Exercise details: Print all of the data below exactly as it appears, leaving out every image.

************

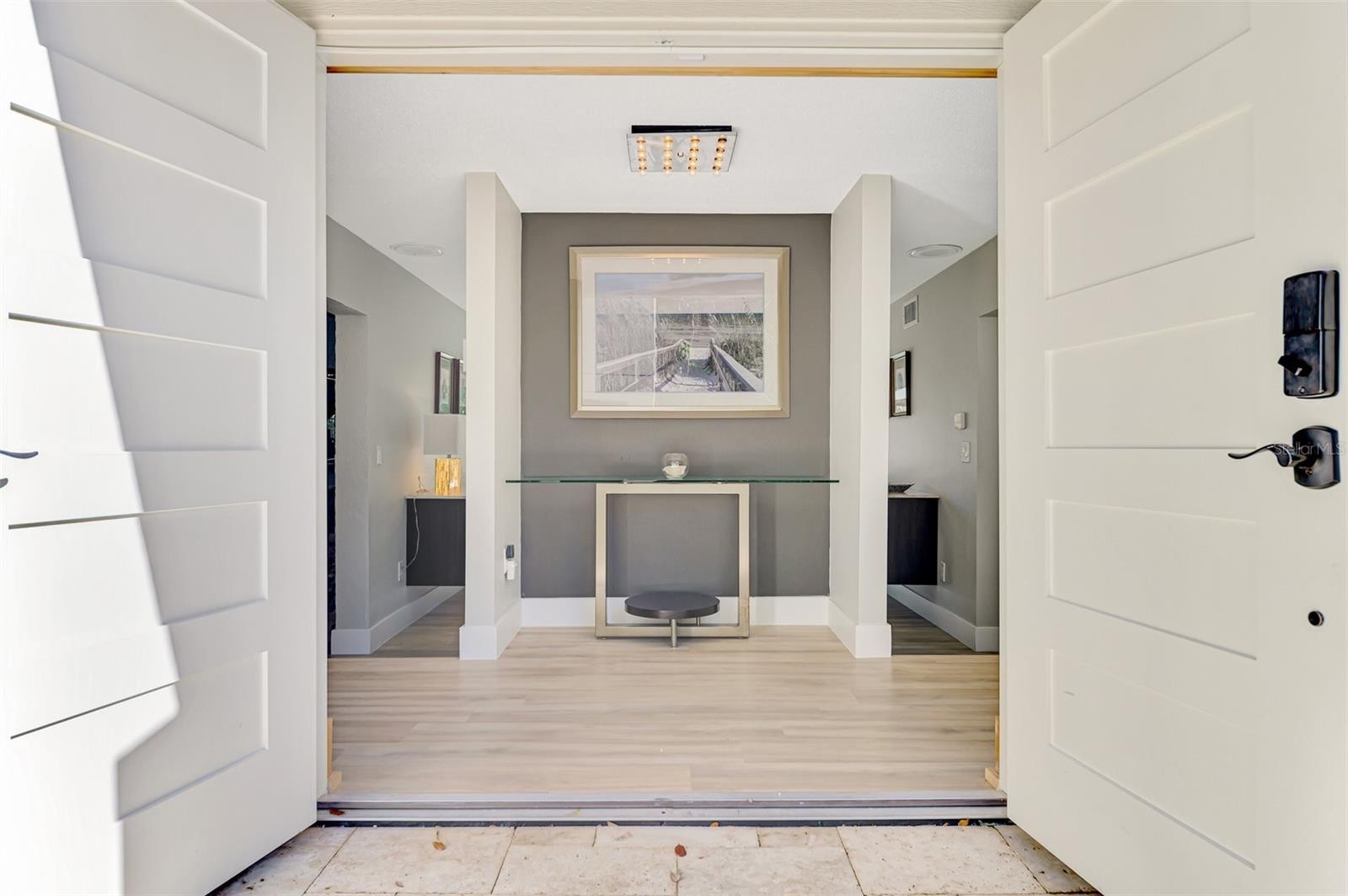 Now is your opportunity to own this waterfront tropical oasis on Siesta Key in the highly sought after exclusive community of Hidden Harbor. Comprised of just 36 homes, Hidden Harbor located on the North end of Siesta Key, is one of the most unique developments in Sarasota with its tropical landscaping reminiscent of old Florida. Most known for its waterfront lots and brick paver streets shaded by a magnificent canopy of lush greenery. This home has been beautifully reimagined to showcase its contemporary design and is situated on over half acre lot enjoying 119’ of deep-water canal front, making this a boater’s dream. The dock spans almost 40 feet and features a 10,000lb boat lift (installed in 2020) and has both electric and water supplies. No bridges to obstruct your journey out to Roberts Bay, which is just a turn of a corner away. The home features a new metal roof (2023), 4 new HVAC units that includes a garage unit (2024), and new hurricane impact sliders and windows (2021). On the inside you will find a floor plan that is flooded with natural light thanks to large sliders and tall architectural style windows that truly bring the Florida landscape inside. The first floor has all new luxury flooring and woodwork, including new solid core doors. The kitchen was recently renovated with European style cabinetry, stone counters, and a luxury Fisher & Paykel appliance package including range hood and induction cooktop. The two light-filled bedrooms on the East side of the home both feature access to outdoor spaces and walk-in closets. The shared bathroom, which also acts as a pool bath with its door to the outside, was renovated with a new seamless glass shower, European style vanity with LED mirror, and all new fixtures and hardware. Throughout the home, you will find restored original fixtures keeping with the home’s integrity. The primary suite dominates the second floor with a loft area, a light filled bedroom that enjoys the cross breeze when both walls of sliding windows are open, and a custom installed closet. There is an updated en-suite bathroom with another seamless glass shower and floating vanity with new upgraded fixtures. Outside the yard is truly a Florida paradise with fire pit area, stunning tropical landscaping with professionally installed low voltage lighting system, pest control misting system, and an impressive heated pool that was resurfaced and upgraded with a travertine deck. This property offers extreme privacy, architectural character and significance, and water views, all within one of the most unique neighborhoods on Siesta Key. The Hidden Harbor canal offers deep water for your boat or sailboat. Enjoy true island life, whether you find yourself relaxing by your pool, boating, fishing, kayaking, and even paddle-boarding all from your property. There is a natural seawall of mangroves, and the riprap was installed by the reputable Duncan Seawall. The world-famous Siesta Key Beach is just a short 1.5-mile bike ride, golf cart ride, or leisurely walk away. Enjoy local restaurants, boutiques, and live music at the island's lively Siesta Village. Close to the mainland and downtown Sarasota, this is a prime location for island living. If you are looking for your own piece of paradise, and a property that is truly unique, set up a private tour today!
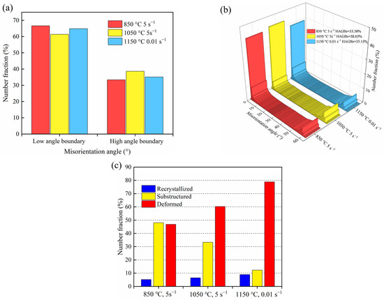 Figure 11 displays the EBSD results of the experimental steel under different thermal conditions. It includes statistics of high- and low-angle grain boundaries (a), grain boundary distribution (b), and recrystallized fraction (c). As shown in Figure 11a,b, the proportion of LAGB is prominent in the grain distribution, while the percentage of HAGB increases with the temperature rise. Specifically, the percentage of HAGB is 33.38%, 38.63%, and 35.13%, respectively, for different thermal conditions. Figure 11c calculates the statistics of the three structures in the recrystallized distribution maps. The proportion of recrystallized structure increases with the temperature increase. The primary microstructure after deformation at 850 °C, 1050 °C, and 1150 °C constituted the substructure with a number fraction of 48%, 33%, and 12%, respectively. The substructure may be related to dislocation cells formed by dislocation stacking [48].
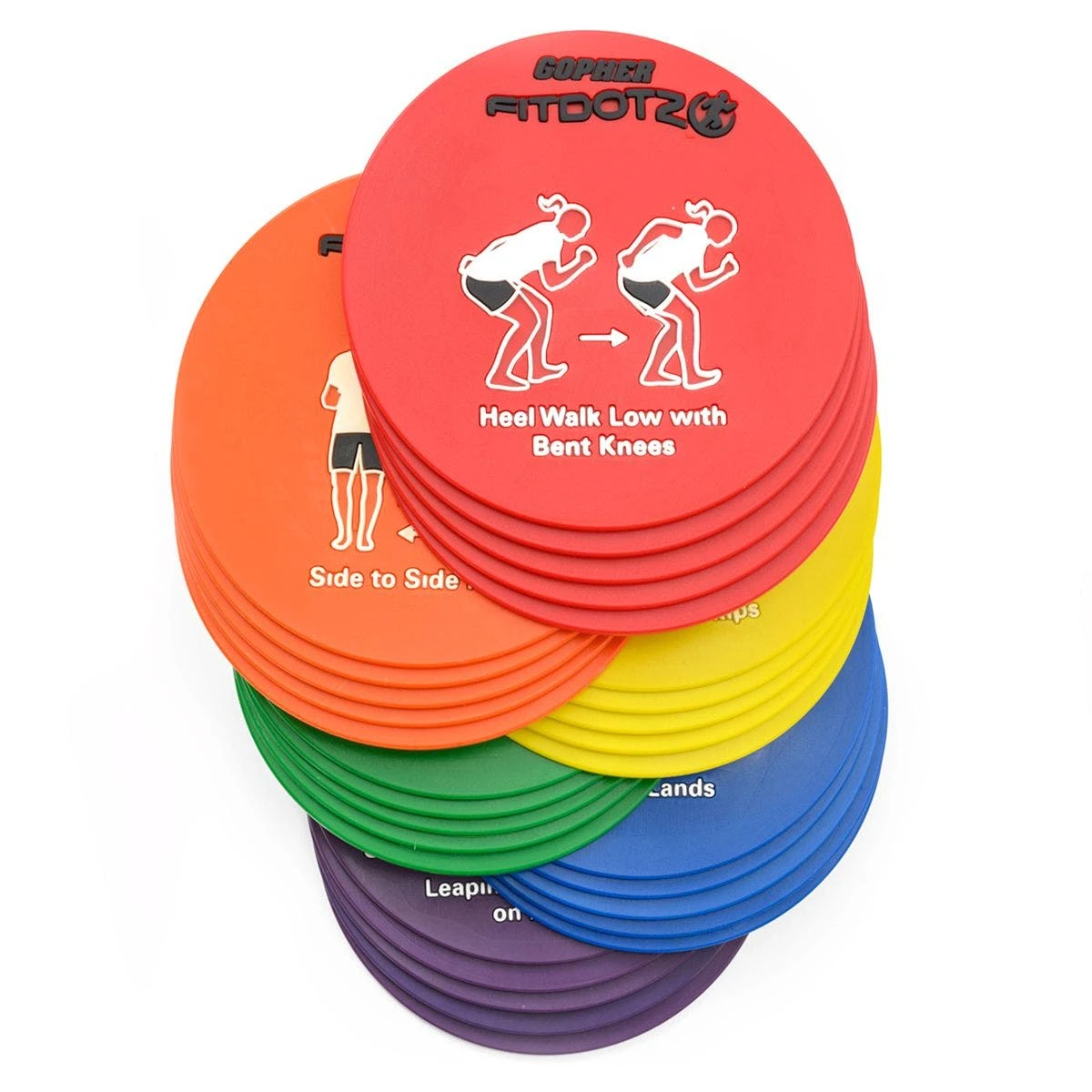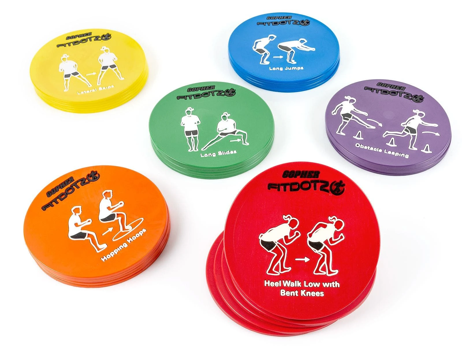 Each brightly colored spot features clear start/stop images of a physical movement designed to increase basic locomotor proficiency in younger students. Use them to easily set up skills stations or incorporate them in games and activities and watch students hop, jump, and skip with excitement!
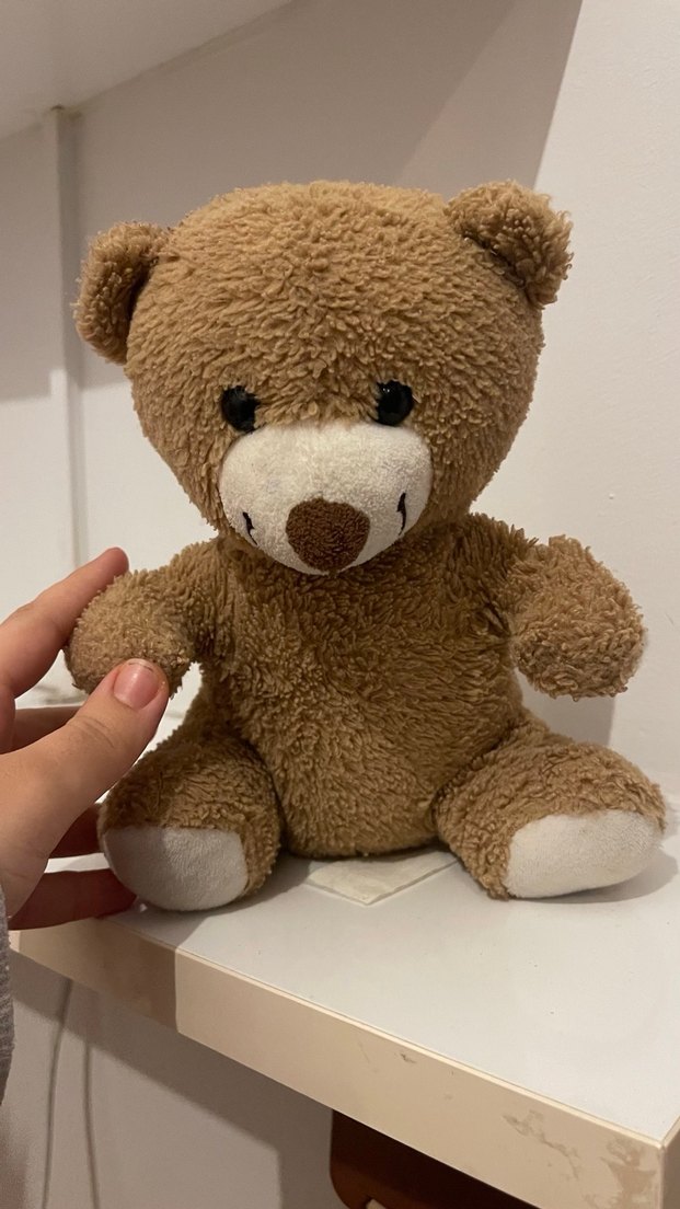 Yumuşak dokulu, pastel kahverengi peluş ayıcık, dikiş detaylarına sahip ve sarılmalık bir oyuncak.
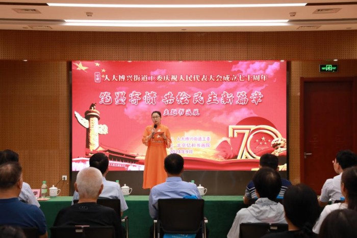 人大博興街道工委慶祝人民代表大會(huì)成立七十周年系列活動(dòng)暨“筆墨寄情 共繪民主新篇章”主題書(shū)畫(huà)作品展,于9月4日在博興街道黨群活動(dòng)中心正式啟動(dòng),本次活動(dòng)旨在通過(guò)書(shū)畫(huà)藝術(shù)形式,宣傳人民代表大會(huì)制度的歷史和成就,持續(xù)增強(qiáng)人民群眾的制度自信和文化自信。大興區(qū)人大常委會(huì)黨組成員陳文、經(jīng)開(kāi)區(qū)組織人事部統(tǒng)戰(zhàn)群團(tuán)處焦曉云、區(qū)人大代表、街道班子成員及轄區(qū)選民代表參加此次活動(dòng)。
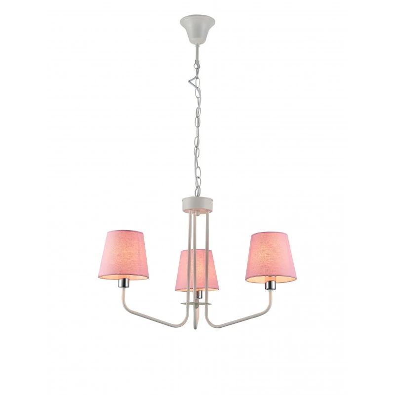 Klasyczna lampa wisząca 50203097 z serii YORK marki LEDEA, wykonana w delikatnym odcieniu różowym oraz tradycyjnej bieli. Posiada metalową konstrukcję, która zakończona jest trzema tkaninowymi kloszami. Doskonale nada się zarówno do pokoi dziecięcych jak i salonów czy kuchni. Wymiary zwisu wynoszą: wysokość - 44cm oraz szerokość - 53cm. Do lampy należy dobrać trzy żarówki o trzonku E14 do maksymalnej mocy 60W. W serii YORK znajdziemy również lampy wiszące w kilku innych kolorach oraz lampki biurkowe i kinkiety. Produkt objęty jest gwarancją producenta.
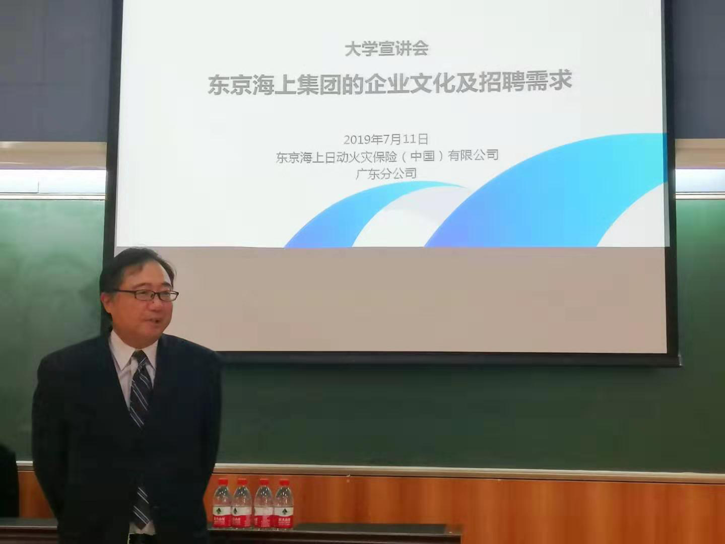 本网讯 7月11日下午,日企经理校园行巡回讲演于七教107顺利开展。出席本次宣讲会的嘉宾有:广州日本领事馆首席领事大圣寺利幸先生、领事井上爱子小姐、王小丽小姐;东京海上集团(广东)总经理石原徹弥先生,副总经理刘晓玲小姐,主管胡莹君小姐;广州日本工商会代表,普华永道(PWC)中天会计师事务所(广州)佐佐木博基先生、何思慧小姐;伟德bv国际体育,BETVICTOR官网伟德bv国际体育副院长杨晓辉教授、副院长张秀强教授、院长助理兼系主任张志刚副教授。本次宣讲会由程亮副教授主持。
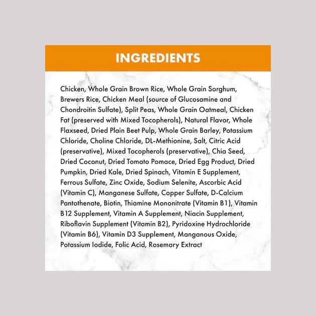 Chicken, Whole Grain Brown Rice, Whole Grain Sorghum, Brewers Rice, Chicken Meal (source of Glucosamine and Chondroitin Sulfate), Split Peas, Whole Grain Oatmeal, Chicken Fat (preserved with Mixed Tocopherols), Natural Flavor, Whole Flaxseed, Dried Plain Beet Pulp, Whole Grain Barley, Potassium Chloride, Choline Chloride, DL-Methionine, Salt, Citric Acid (preservative), Mixed Tocopherols (preservative), Chia Seed, Dried Coconut, Dried Tomato Pomace, Dried Egg Product, Dried Pumpkin, Dried Kale, Dried Spinach, Vitamin E Supplement, Ferrous Sulfate, Zinc Oxide, Sodium Selenite, Ascorbic Acid (Vitamin C), Manganese Sulfate, Copper Sulfate, D-Calcium Pantothenate, Biotin, Thiamine Mononitrate (Vitamin B1), Vitamin B12 Supplement, Vitamin A Supplement, Niacin Supplement, Riboflavin Supplement (Vitamin B2), Pyridoxine Hydrochloride (Vitamin B6), Vitamin D3 Supplement, Manganous Oxide, Potassium Iodide, Folic Acid, Rosemary Extract.

************

Answer to this task:
 Now is your opportunity to own this waterfront tropical oasis on Siesta Key in the highly sought after exclusive community of Hidden Harbor. Comprised of just 36 homes, Hidden Harbor located on the North end of Siesta Key, is one of the most unique developments in Sarasota with its tropical landscaping reminiscent of old Florida. Most known for its waterfront lots and brick paver streets shaded by a magnificent canopy of lush greenery. This home has been beautifully reimagined to showcase its contemporary design and is situated on over half acre lot enjoying 119’ of deep-water canal front, making this a boater’s dream. The dock spans almost 40 feet and features a 10,000lb boat lift (installed in 2020) and has both electric and water supplies. No bridges to obstruct your journey out to Roberts Bay, which is just a turn of a corner away. The home features a new metal roof (2023), 4 new HVAC units that includes a garage unit (2024), and new hurricane impact sliders and windows (2021). On the inside you will find a floor plan that is flooded with natural light thanks to large sliders and tall architectural style windows that truly bring the Florida landscape inside. The first floor has all new luxury flooring and woodwork, including new solid core doors. The kitchen was recently renovated with European style cabinetry, stone counters, and a luxury Fisher & Paykel appliance package including range hood and induction cooktop. The two light-filled bedrooms on the East side of the home both feature access to outdoor spaces and walk-in closets. The shared bathroom, which also acts as a pool bath with its door to the outside, was renovated with a new seamless glass shower, European style vanity with LED mirror, and all new fixtures and hardware. Throughout the home, you will find restored original fixtures keeping with the home’s integrity. The primary suite dominates the second floor with a loft area, a light filled bedroom that enjoys the cross breeze when both walls of sliding windows are open, and a custom installed closet. There is an updated en-suite bathroom with another seamless glass shower and floating vanity with new upgraded fixtures. Outside the yard is truly a Florida paradise with fire pit area, stunning tropical landscaping with professionally installed low voltage lighting system, pest control misting system, and an impressive heated pool that was resurfaced and upgraded with a travertine deck. This property offers extreme privacy, architectural character and significance, and water views, all within one of the most unique neighborhoods on Siesta Key. The Hidden Harbor canal offers deep water for your boat or sailboat. Enjoy true island life, whether you find yourself relaxing by your pool, boating, fishing, kayaking, and even paddle-boarding all from your property. There is a natural seawall of mangroves, and the riprap was installed by the reputable Duncan Seawall. The world-famous Siesta Key Beach is just a short 1.5-mile bike ride, golf cart ride, or leisurely walk away. Enjoy local restaurants, boutiques, and live music at the island's lively Siesta Village. Close to the mainland and downtown Sarasota, this is a prime location for island living. If you are looking for your own piece of paradise, and a property that is truly unique, set up a private tour today!
 Figure 11 displays the EBSD results of the experimental steel under different thermal conditions. It includes statistics of high- and low-angle grain boundaries (a), grain boundary distribution (b), and recrystallized fraction (c). As shown in Figure 11a,b, the proportion of LAGB is prominent in the grain distribution, while the percentage of HAGB increases with the temperature rise. Specifically, the percentage of HAGB is 33.38%, 38.63%, and 35.13%, respectively, for different thermal conditions. Figure 11c calculates the statistics of the three structures in the recrystallized distribution maps. The proportion of recrystallized structure increases with the temperature increase. The primary microstructure after deformation at 850 °C, 1050 °C, and 1150 °C constituted the substructure with a number fraction of 48%, 33%, and 12%, respectively. The substructure may be related to dislocation cells formed by dislocation stacking [48].
 Each brightly colored spot features clear start/stop images of a physical movement designed to increase basic locomotor proficiency in younger students. Use them to easily set up skills stations or incorporate them in games and activities and watch students hop, jump, and skip with excitement!
 Yumuşak dokulu, pastel kahverengi peluş ayıcık, dikiş detaylarına sahip ve sarılmalık bir oyuncak.
 人大博興街道工委慶祝人民代表大會(huì)成立七十周年系列活動(dòng)暨“筆墨寄情 共繪民主新篇章”主題書(shū)畫(huà)作品展,于9月4日在博興街道黨群活動(dòng)中心正式啟動(dòng),本次活動(dòng)旨在通過(guò)書(shū)畫(huà)藝術(shù)形式,宣傳人民代表大會(huì)制度的歷史和成就,持續(xù)增強(qiáng)人民群眾的制度自信和文化自信。大興區(qū)人大常委會(huì)黨組成員陳文、經(jīng)開(kāi)區(qū)組織人事部統(tǒng)戰(zhàn)群團(tuán)處焦曉云、區(qū)人大代表、街道班子成員及轄區(qū)選民代表參加此次活動(dòng)。
 Klasyczna lampa wisząca 50203097 z serii YORK marki LEDEA, wykonana w delikatnym odcieniu różowym oraz tradycyjnej bieli. Posiada metalową konstrukcję, która zakończona jest trzema tkaninowymi kloszami. Doskonale nada się zarówno do pokoi dziecięcych jak i salonów czy kuchni. Wymiary zwisu wynoszą: wysokość - 44cm oraz szerokość - 53cm. Do lampy należy dobrać trzy żarówki o trzonku E14 do maksymalnej mocy 60W. W serii YORK znajdziemy również lampy wiszące w kilku innych kolorach oraz lampki biurkowe i kinkiety. Produkt objęty jest gwarancją producenta.
 本网讯 7月11日下午,日企经理校园行巡回讲演于七教107顺利开展。出席本次宣讲会的嘉宾有:广州日本领事馆首席领事大圣寺利幸先生、领事井上爱子小姐、王小丽小姐;东京海上集团(广东)总经理石原徹弥先生,副总经理刘晓玲小姐,主管胡莹君小姐;广州日本工商会代表,普华永道(PWC)中天会计师事务所(广州)佐佐木博基先生、何思慧小姐;伟德bv国际体育,BETVICTOR官网伟德bv国际体育副院长杨晓辉教授、副院长张秀强教授、院长助理兼系主任张志刚副教授。本次宣讲会由程亮副教授主持。
 Chicken, Whole Grain Brown Rice, Whole Grain Sorghum, Brewers Rice, Chicken Meal (source of Glucosamine and Chondroitin Sulfate), Split Peas, Whole Grain Oatmeal, Chicken Fat (preserved with Mixed Tocopherols), Natural Flavor, Whole Flaxseed, Dried Plain Beet Pulp, Whole Grain Barley, Potassium Chloride, Choline Chloride, DL-Methionine, Salt, Citric Acid (preservative), Mixed Tocopherols (preservative), Chia Seed, Dried Coconut, Dried Tomato Pomace, Dried Egg Product, Dried Pumpkin, Dried Kale, Dried Spinach, Vitamin E Supplement, Ferrous Sulfate, Zinc Oxide, Sodium Selenite, Ascorbic Acid (Vitamin C), Manganese Sulfate, Copper Sulfate, D-Calcium Pantothenate, Biotin, Thiamine Mononitrate (Vitamin B1), Vitamin B12 Supplement, Vitamin A Supplement, Niacin Supplement, Riboflavin Supplement (Vitamin B2), Pyridoxine Hydrochloride (Vitamin B6), Vitamin D3 Supplement, Manganous Oxide, Potassium Iodide, Folic Acid, Rosemary Extract.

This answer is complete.